U.S. Marine Corps career

Vietnam

North served as a platoon commander during the Vietnam War, where during his combat service, he was awarded the Silver Star, Bronze Star Medal with Combat V, and two Purple Heart medals.[8] At the time of his being awarded the Silver Star, North was a Platoon Commander leading his Marines in Operation Virginia Ridge. North led a counter-assault against the People's Army of Vietnam, as his platoon took on heavy machine gun fire and rocket propelled grenades. Throughout the battle, North displayed "courage, dynamic leadership and unwavering devotion to duty in the face of grave personal danger".[9]

Post-Vietnam

In 1970, North returned to South Vietnam to testify as a character witness at the trial of LCpl Randall Herrod, a U.S. Marine formerly under his command who, along with four others, had been charged with the murder of sixteen Vietnamese civilians in the village of Son Thang.[10] North claims Herrod had previously saved his life.[11] Herrod and one other Marine were acquitted.[12]

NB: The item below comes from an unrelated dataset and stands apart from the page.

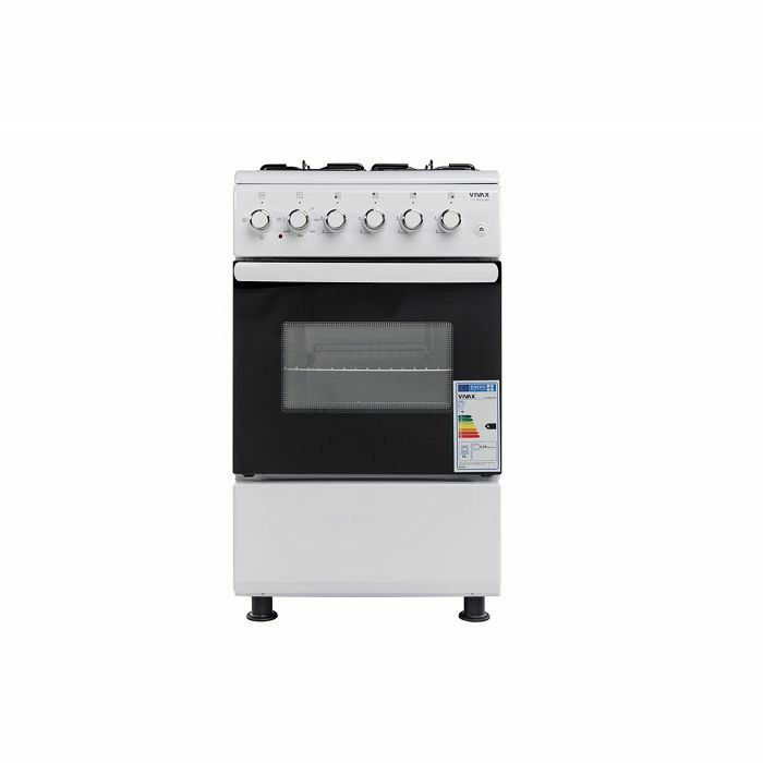 VIVAX samostojeći štednjak FC-40502I WH idealan je odabir za svaku kuhinju jer osvaja modernim izgledom i jednostavnim korištenjem. Jednostavna pećnica s tri programa pečenja pruža vrhunske uvjete za brzo i profesionalno pečenje. Unatoč širini od 50 cm, pećnica je zapremine 52 l i najviše energetske klase A. Prednja vrata štednjaka imaju dvostruko nisko temperaturno staklo. Vrata se mogu potpuno odstraniti radi lakšeg čišćenja. Gornja ploča štednjaka napravljena je od visoko otpornog emajliranog metala s emajliranim držačima posuda. VIVAX samostojeći štednjak FC-40502I WH je plinsko-električni model štednjaka s četiri plinska plamenika. Plinski plamenici opremljeni su zaštitnim sklopom protiv neželjenog istjecanja plina, a paljenje plamenika vrši se pritiskom na tipku za davanje iskre. Standardna oprema pećnice je rešetkasta polica i plitka posuda.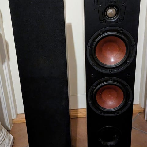 Dali Ikon 5 MK2 gulvhøyttalere i hvit høyglans utførelse. Høyttalerne har to mellomtoner og en diskant, samt tilkoblinger for høyttalerkabler på baksiden. Passer til bruk i hjemmelydsystemer.

North's post-Vietnam career included: instructor at the Marine Basic School from 1969 to 1974; director of the Northern Training Area in Okinawa, Japan (1973-1974); plans and policy analyst with the manpower division at Headquarters Marine Corps from 1975 to 1978; and operations officer (S3) for 3rd Battalion, 8th Regiment, 2nd Marine Division at Camp Lejeune (1978–80).[13] He graduated from the College of Naval Command and Staff at the Navy War College in 1981.[14]

National Security Council staff

In 1981, North began his assignment to the National Security Council (NSC) staff in Washington, DC, where he served as a lobbyist from 1981 to 1983; and deputy director for political–military affairs[15] from 1983 until his reassignment in 1986. In 1983, North was promoted to lieutenant colonel.[16][17]

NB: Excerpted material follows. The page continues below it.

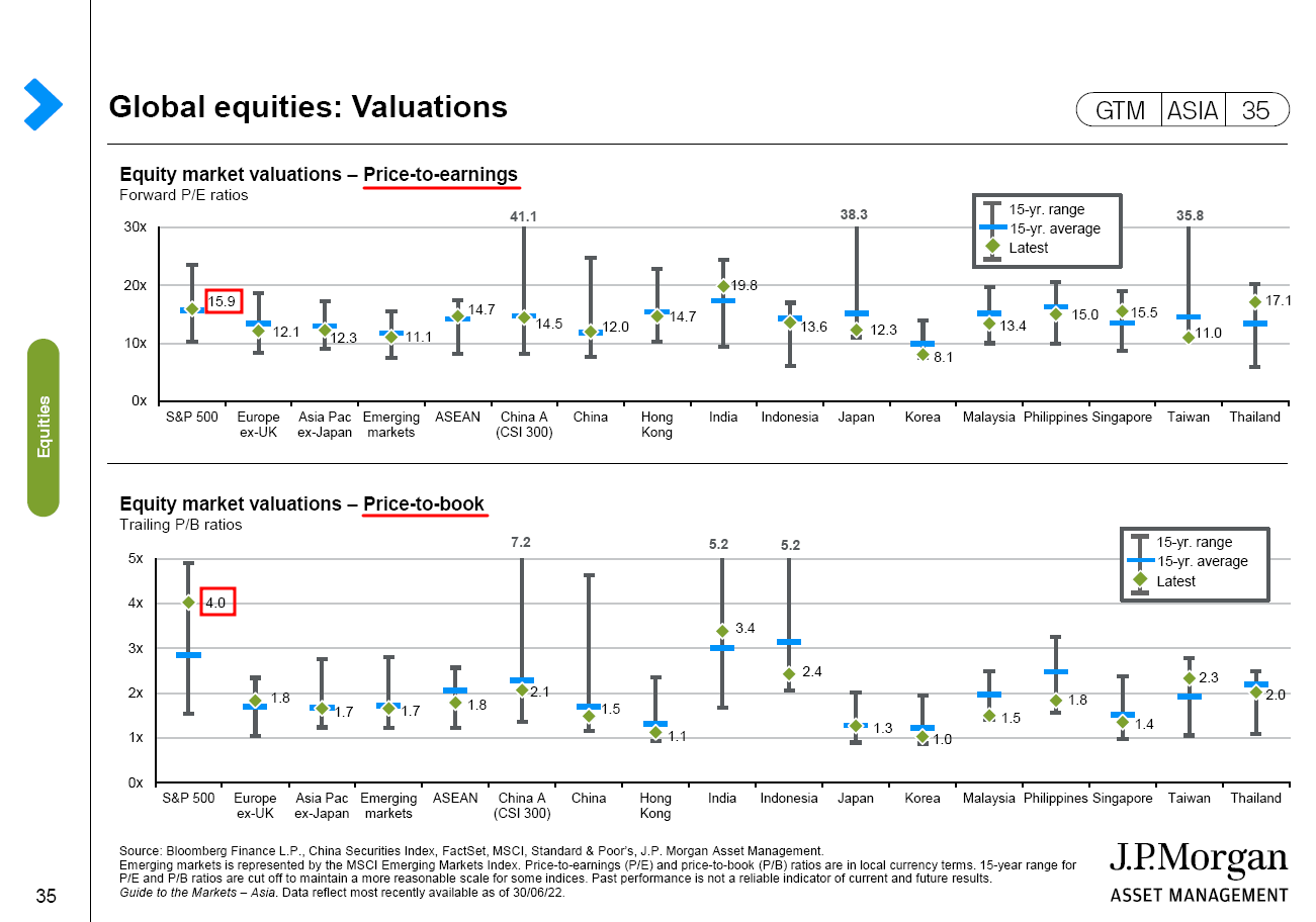 과거 15년 주요국 PER와 PBR 평균 및 현재 수치 - J.P.Morgan Guide to the Market 2022.3Q_ ASIA 과거 15년 주요국 PER와 PBR 평균치입니다. 미국만 보겠습니다.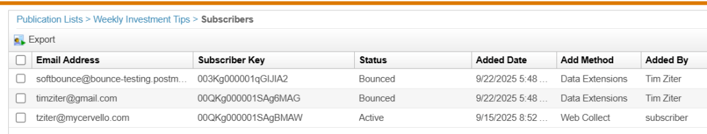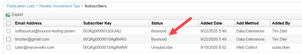 One final point on how Publication Lists work with All Subscribers has to do with Bounce and Held statuses. Although All Subscribers doesn’t change when someone unsubscribes from a Publication List, if someone bounces it’s reflected in All Subscibers.

During his tenure at the NSC, North managed a number of missions. This included leading the hunt for those responsible for the 1983 Beirut barracks bombing that killed 299 American and French military personnel, an effort that saw North arranging a mid-air interception of an EgyptAir jet carrying those responsible for the Achille Lauro hijacking. While also at the NSC, he helped plan the US invasion of Grenada and the 1986 Bombing of Libya.[15]

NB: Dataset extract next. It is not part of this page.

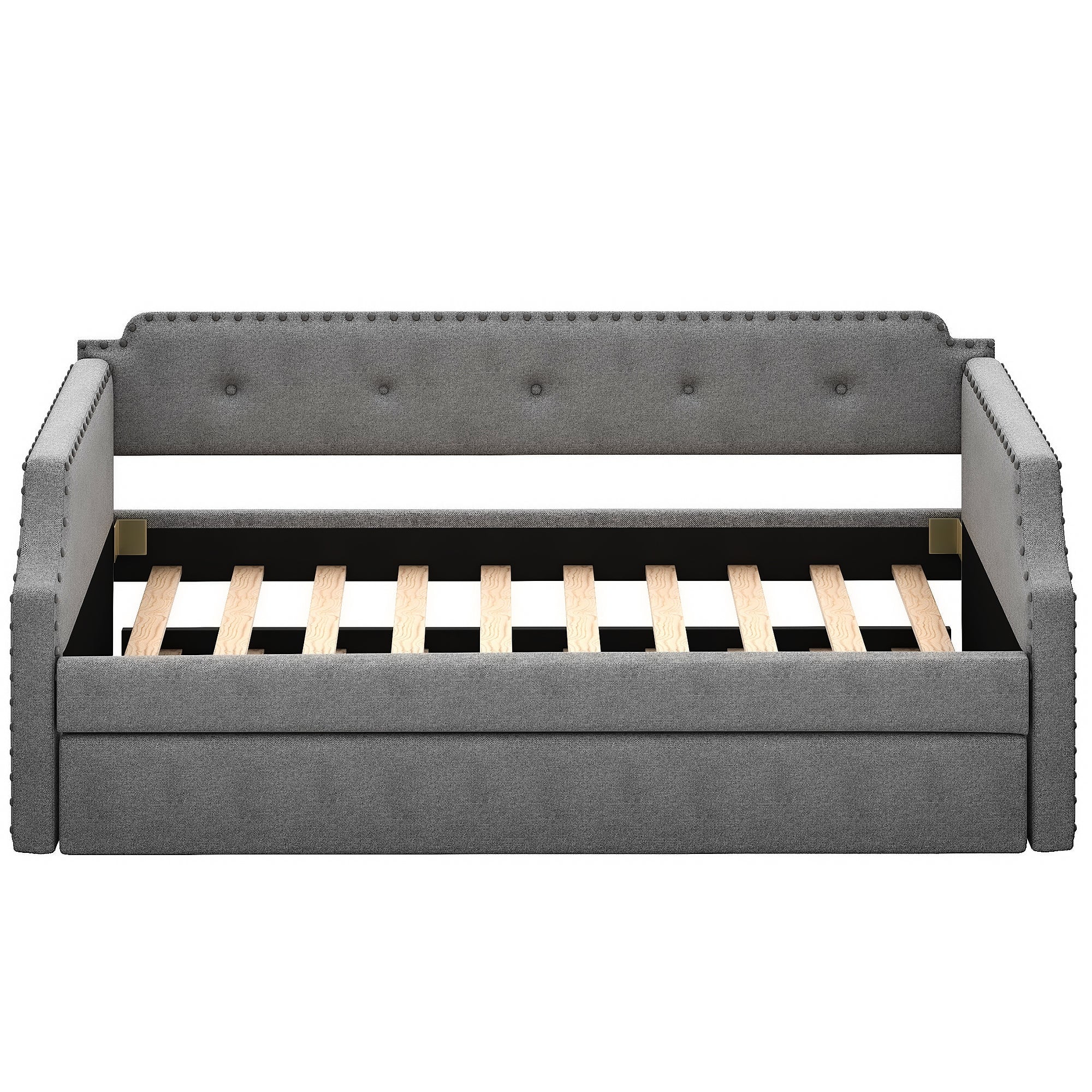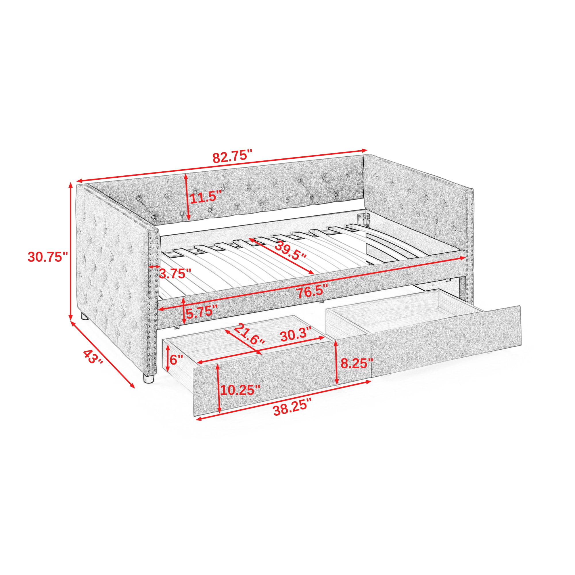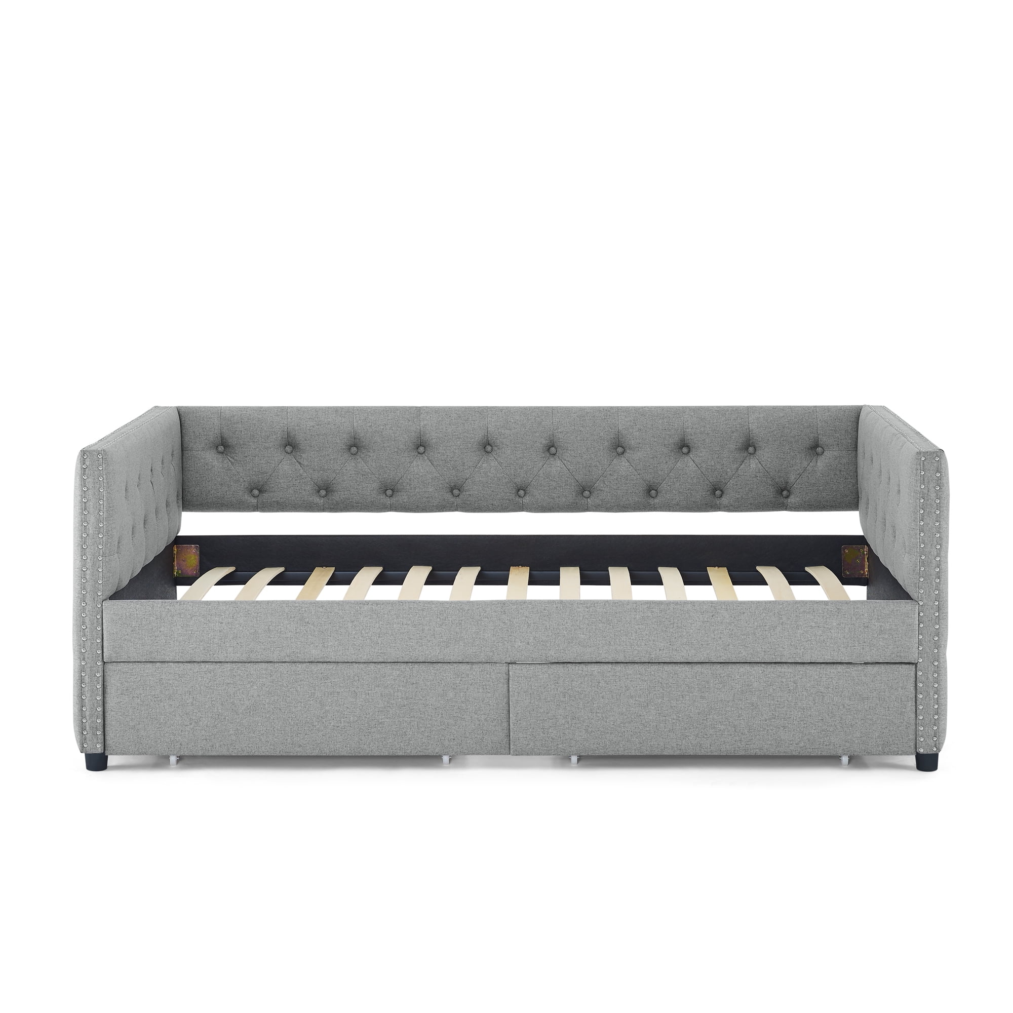 Upholstered Twin Size Daybed with Two Drawers, with Button and Copper Nail on Square Arms, Grey (82.75''x43''x30.75'')

During his trial, North spent his last two years on active duty assigned to Headquarters Marine Corps in Arlington, Virginia. He submitted his request to retire from the Marine Corps effective May 1, 1988, following his indictment for conspiring to defraud the United States by channeling the profits from US arms sales to the Contra rebels in Nicaragua. After his trial and felony convictions, all convictions were reversed on appeal.[18]

Military awards

Iran–Contra affair

 
North's mugshot, taken on the day of his arrest

North came into the public spotlight as a result of his participation in the Iran-Contra affair, a political scandal during the Reagan administration, in which he claimed partial responsibility for the sale of weapons through intermediaries to Iran, with the profits being channeled to the Contras in Nicaragua. It was alleged that he was responsible for the establishment of a covert network which subsequently funneled those funds to the Contras. Congress passed the Boland Amendment (to the House Appropriations Bill of 1982 and following years),[22] which prohibited the appropriation of U.S. funds by intelligence agencies for the support of the Contras.

North solicited $10 million from the Sultan of Brunei to skirt U.S. prohibitions on funding the Contras. However, he gave the wrong number of the Swiss bank account intended to launder the money, and it went instead to a Swiss businessman. A Senate committee investigating the transaction tracked it down so it could be returned to Brunei.[23]

In an August 23, 1986 e-mail to National Security Advisor John Poindexter, North described a meeting with a representative of Panamanian General Manuel Noriega: "You will recall that over the years Manuel Noriega in Panama and I have developed a fairly good relationship," North writes before explaining Noriega's proposal. If U.S. officials can "help clean up his image" and lift the ban on arms sales to the Panamanian Defense Force, Noriega will "'take care of' the Sandinista leadership for us."[24][25]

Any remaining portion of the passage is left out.